When executing simulations one is often facing the task to running simulation studies with varying parameters. The simulation results are then plotted as a family of curves. Especially in the case of discrete event simulations, the task of running the complete simulation study can be efficiently distributed on multiple compute nodes, as every parameter combination can be treated as an individual simulation. This article describe a scalable yet inexpensive setup to execute such simulation studies.
As a disclaimer it shall be mentioned, that scalability of course has limitations and there are good reasons why there are dedicated architectures for high performance computing.

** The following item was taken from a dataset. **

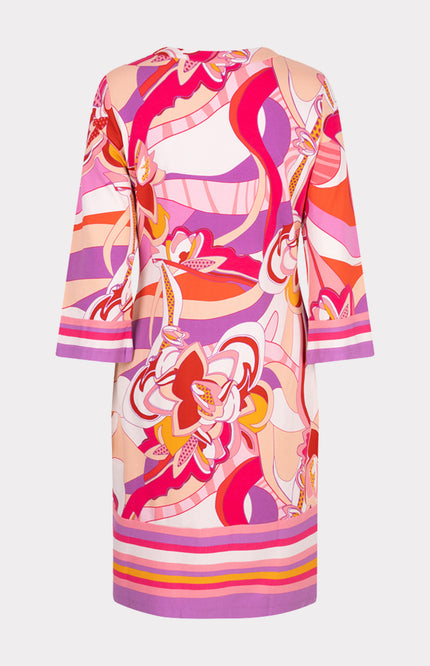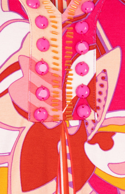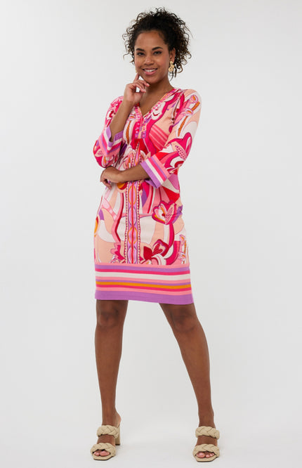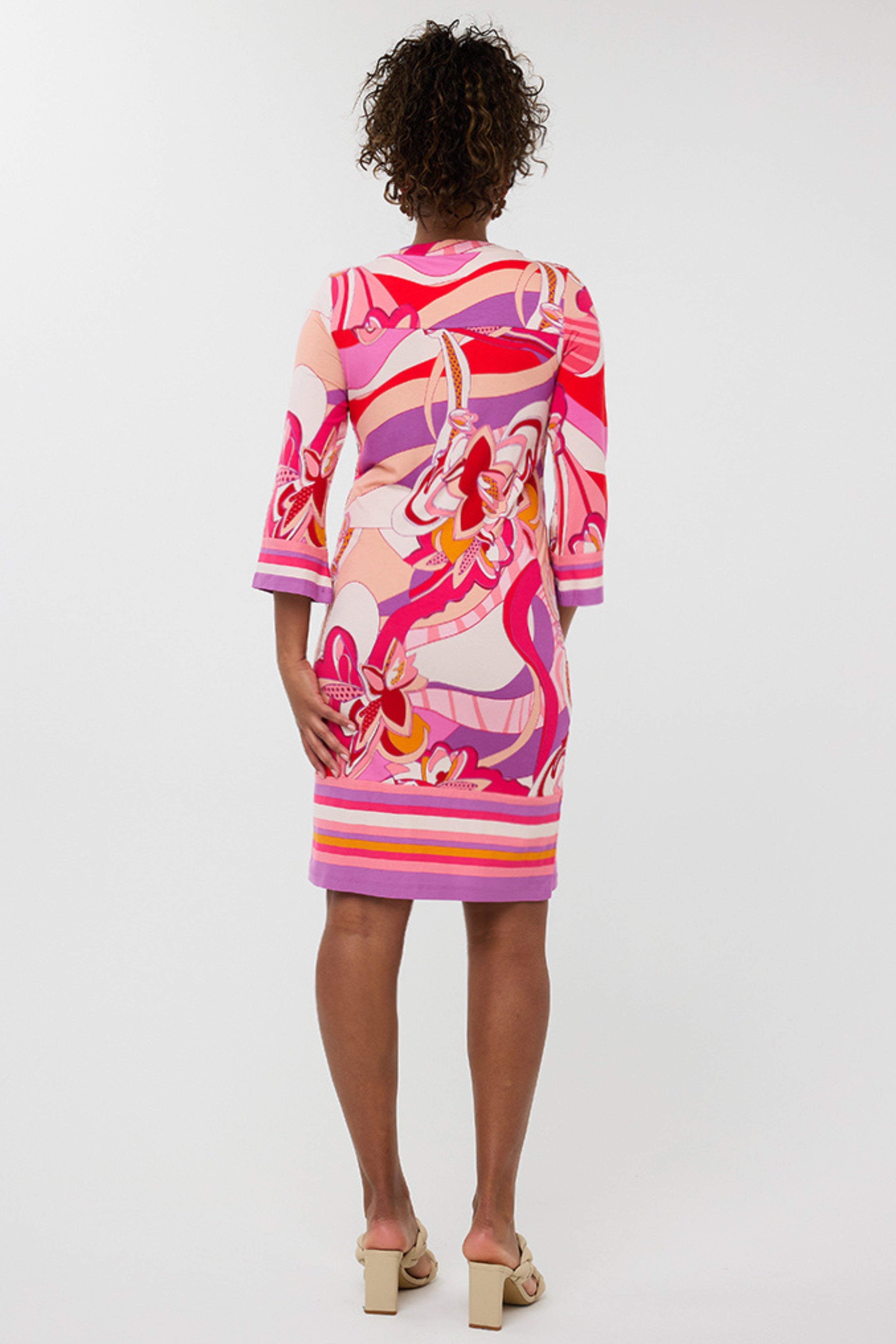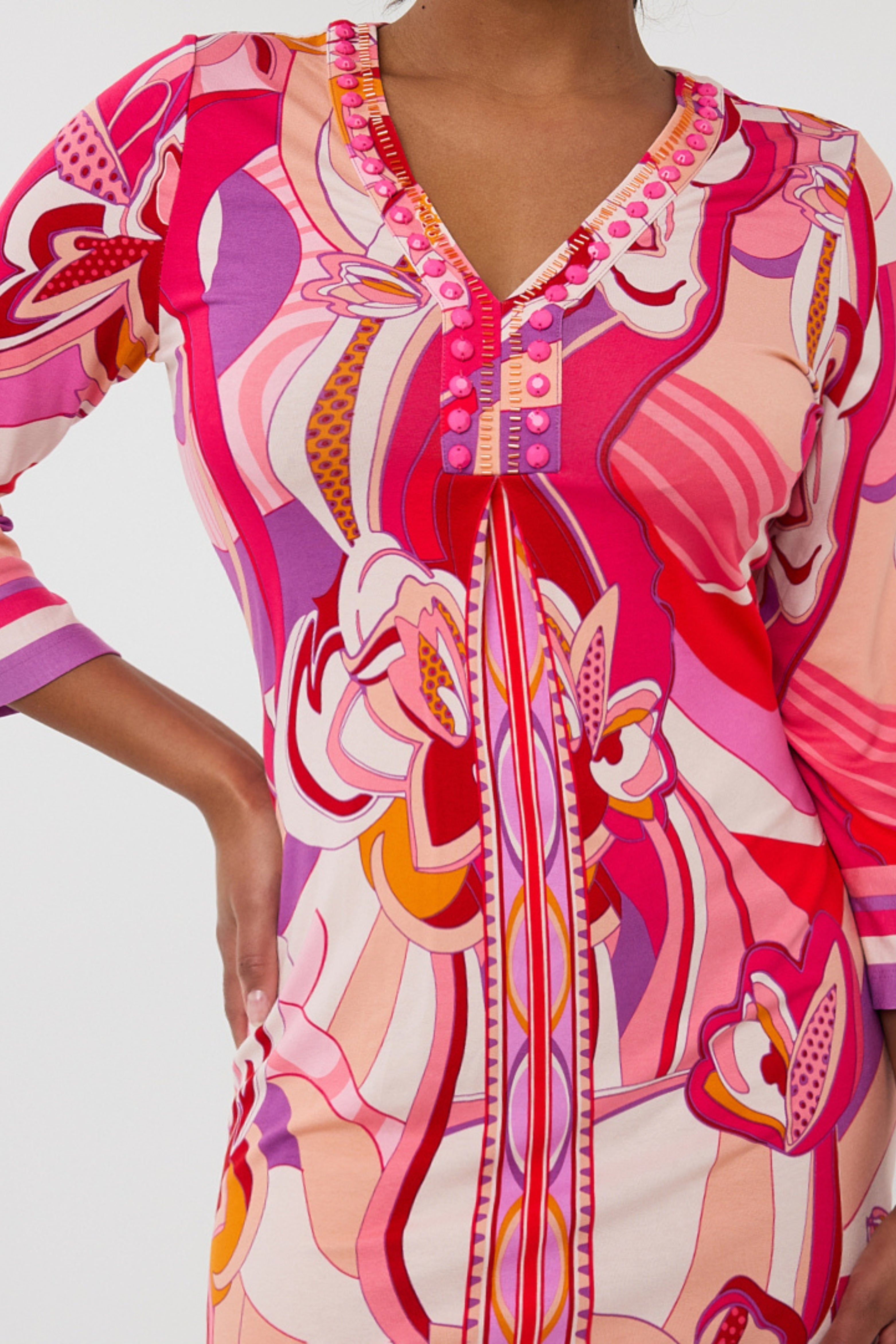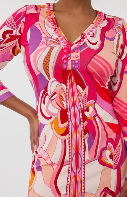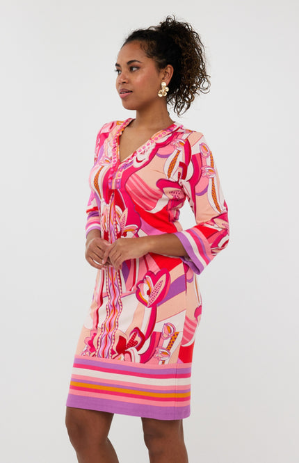 De Jurk Beads Disco Hit Print van Esqualo is een kleurrijke showstopper met een opvallende bloemenprint, kraaltjes langs de hals en driekwart mouwen. Vrolijk, vrouwelijk en ideaal voor zonnige dagen.

Yet for the purpose of discrete event simulations the presented setup is a suitable choice.
The diagram below depicts the setup, which consists of multiple compute nodes, a central, shared storage system and a node to control the simulation. Even if the diagram shows these roles as individual nodes, a single node can act in multiple roles. E.g. a compute node can act at the same time as storage system or control node. The bottleneck in such a setup is usually the storage system, but alternatives like distributed file systems can improve the performance.
The structure of the simulation study, i.e. the different parameters and their values can be directly reflected in the shared file system provided by the central storage system.
File System Structure
As all nodes share the same file system, the parameters, their values but also the simulation results can be stored in this file system. This allows to manage the simulation study, i.e. adding or removing parameters, with native tools provided by the operating system. But of course the simulation study can also be managed with specialized tools.
In the following we will call the file system directory, that holds the simulation study, study root. The study root can one the one hand contain the parameters, values and results, but on the other hand also all scripts or binaries to actually execute the simulation. The listing below shows an example of an empty study root.
├── MetaData └── Results ├── ParaS__Strategy__ProportionalFair │ ├── ParaF__Load__0.1 │ ├── ParaF__Load__0.5 │ └── ParaF__Load__1.0 └── ParaS__Strategy__RoundRobin ├── ParaF__Load__0.1 ├── ParaF__Load__0.5 └── ParaF__Load__1.0
The directory MetaData contains configuration files, the simulation binaries and parameter file templates. The directory Results holds the structure of the study root, i.e. the parameters and their values. In this case the parameter Strategy of type string with the values ProportionalFair and RoundRobin and the parameter Load of type float with the values 0.1, 0.5 and 1.0 exists. All files created by the simulation binary would be created as leaves of a specific parameter combination.
The parameter file template could look as follows.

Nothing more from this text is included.